Micromanaging prices - I can't be bothered.
Leasing cheaper planes - yeah, maybe, if supply on the UM is low. You should lease them only as long as you expect to be flying them for. Never lease anything past a D-check. The saving from say an 18 month lease vs a 4.5 year lease isn't really that much, but if you know you'll use it for 4.5 years and then return it to be D-checked, or if you're right on 0 cash, then nothing wrong with taking the slightly longer lease. Never lease a new plane for anything other than 5 years though.
RI on a lot of routes - yeah, usually. May slow you down very slightly in the immediate-term, but probably pays off in the short-medium term. Would certainly want to get RI started on all of my larger, shorter routes.
There isn't one way to do it. But as a rule of thumb, you're likely going to get 5 planes in your initial start, you're going to need to pay for slots for all 5. If the planes are expensive, or slots are particularly expensive, or initial cash is relatively low, then maybe you want to fly longer routes and so buy less slots. If you have huge routes that will fly full from day 1, e.g. LHR-JFK, or Sydney-Melbourne, or Japanese domestic stuff, you're going to want to jump on those immediately. If you have 5 planes making immediate profit, that snowballs, you can afford more, and the limiting factor becomes acquiring them from the UM. As the UM starts to dry up, you can't keep leasaing stuff, more cash will accumulate, you can start looking at buying a used plane or two, to then have a secured loan and look at a new plane order.
For example, if I have a route with 300 supply and 1000 demand, and another with 0 supply and 500 demand, which route is better to open? Is absolute demand more valuable than the ratio of open demand? How does open demand, or the ratio of open demand effect load factors on zero image routes?
Don't worry about competition, especially on startup.

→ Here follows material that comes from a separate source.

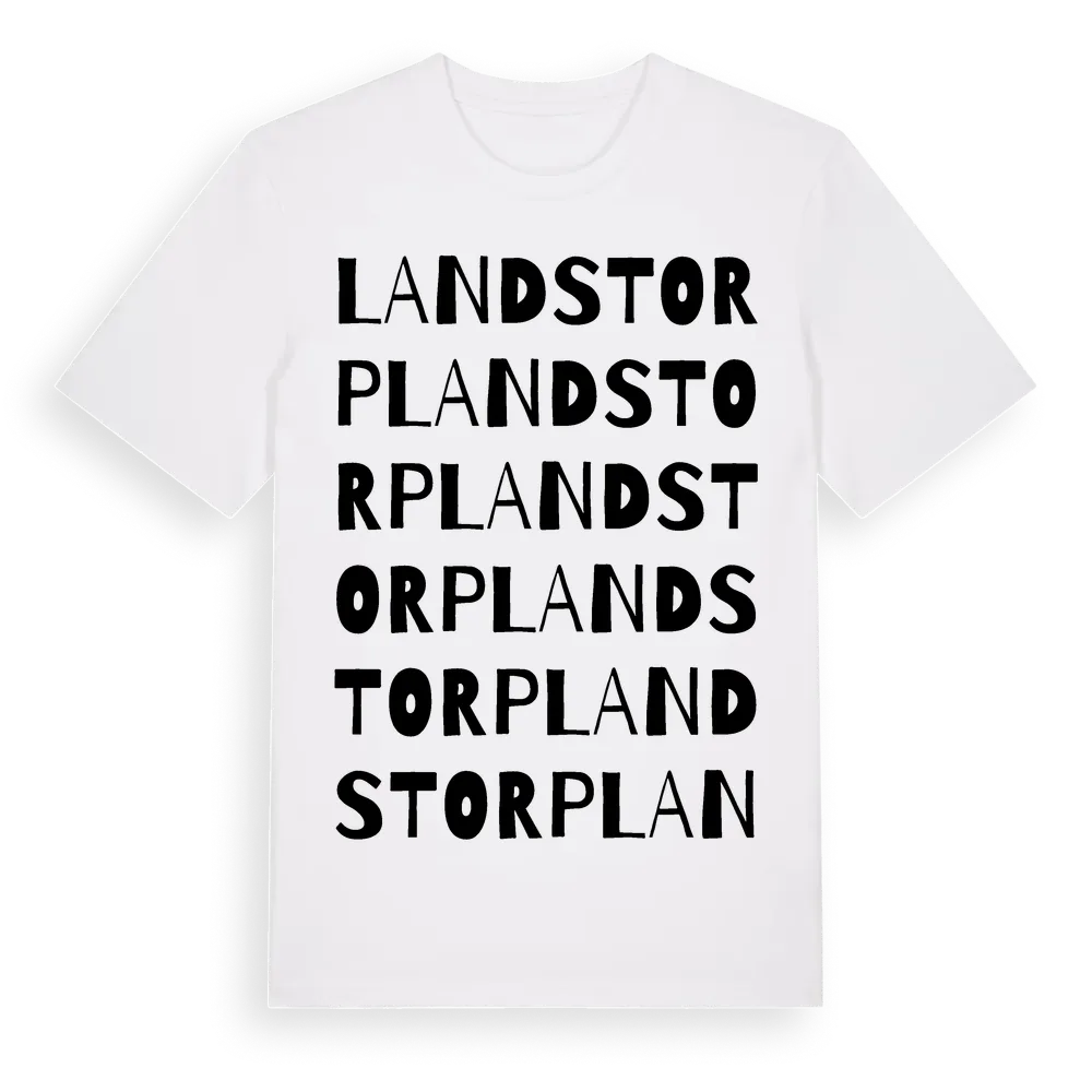 Landstorp ordlek t-shirt är inspirerad av Landstorp i Östergötlands län, Sverige. Tröjan är designad för dig som har en speciell koppling till platsen – oavsett om du bor här, har rötterna här eller bara älskar Landstorp.

Assume that you're going to get maybe 10% of demand at 0 RI. And your competitor will get a different 10% with their 0 RI. So the competition is basically irrelevant, you'll get 50 pax on your first flight on that 500 demand route, regardless of whether you have it to yourself or 6 other airlines are also flying it. The other consideration there is slot costs, particularly destination slot costs. A 300 demand route to a smaller airport might be better than a 500 demand route to a bigger one, purely because it saves cash upfront.
If you are trying to get off to a very fast start, the only real constants are that you're going to be quite aggressive with cash management, hovering around 0 cash or even into the negatives, because all available cash is used to increase growth, at least until you run out of easily available planes. That might mean buying slots only as planes are delivered, certainly means assinging routes to planes and therefore needing to hire staff at the last possible day, or taking cash down to 0 before the 12pm expenses come out, and then being in negative cash after midday. And that you'll be wanting to get 3 planes/week from the UM as much as possible. you'll almost certainly want to be doing it with a large fleet, medium planes typically cost you too much in slots, very large typically cost too much in upfront lease costs. and depending on the UM, you might end up using a temporary startup fleet just because of availability.

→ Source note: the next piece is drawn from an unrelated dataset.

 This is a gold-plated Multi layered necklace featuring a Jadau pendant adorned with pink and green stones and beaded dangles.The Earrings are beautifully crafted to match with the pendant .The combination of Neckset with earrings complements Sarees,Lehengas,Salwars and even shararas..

However, now I really want to try a world where I smart from the beginning, and try establish a near monopoly in a large base.

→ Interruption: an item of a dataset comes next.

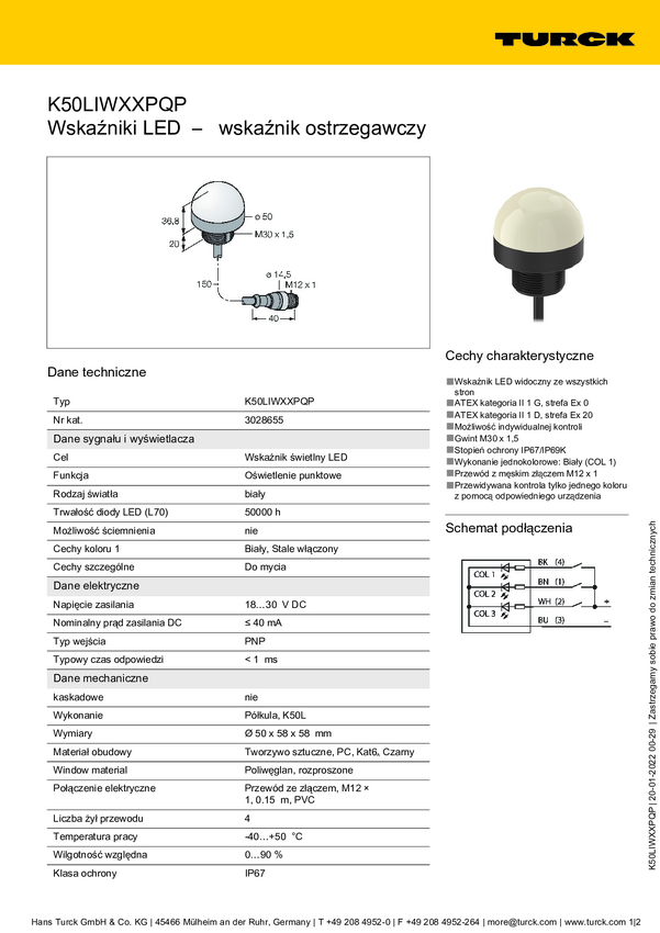 Lampa okrągła Turck K50LIWXXPQP 3028655 1 szt.

That is dependent on others in your base either giving up, getting bored, making a big error, or being poorly run in general. doesn't matter how fast your start, how good you are, if luck of the draw gives you 2 very good players in your HQ, and they don't make any major errors, then a near monopoly is simply not possible. If the luck of the draw gives you 6 other airlines that are all poorly run, not very ambitious, prone to errors, etc, then you can eventually get a near monopoly, regardless of whether you've gotten off to a very fast start or not.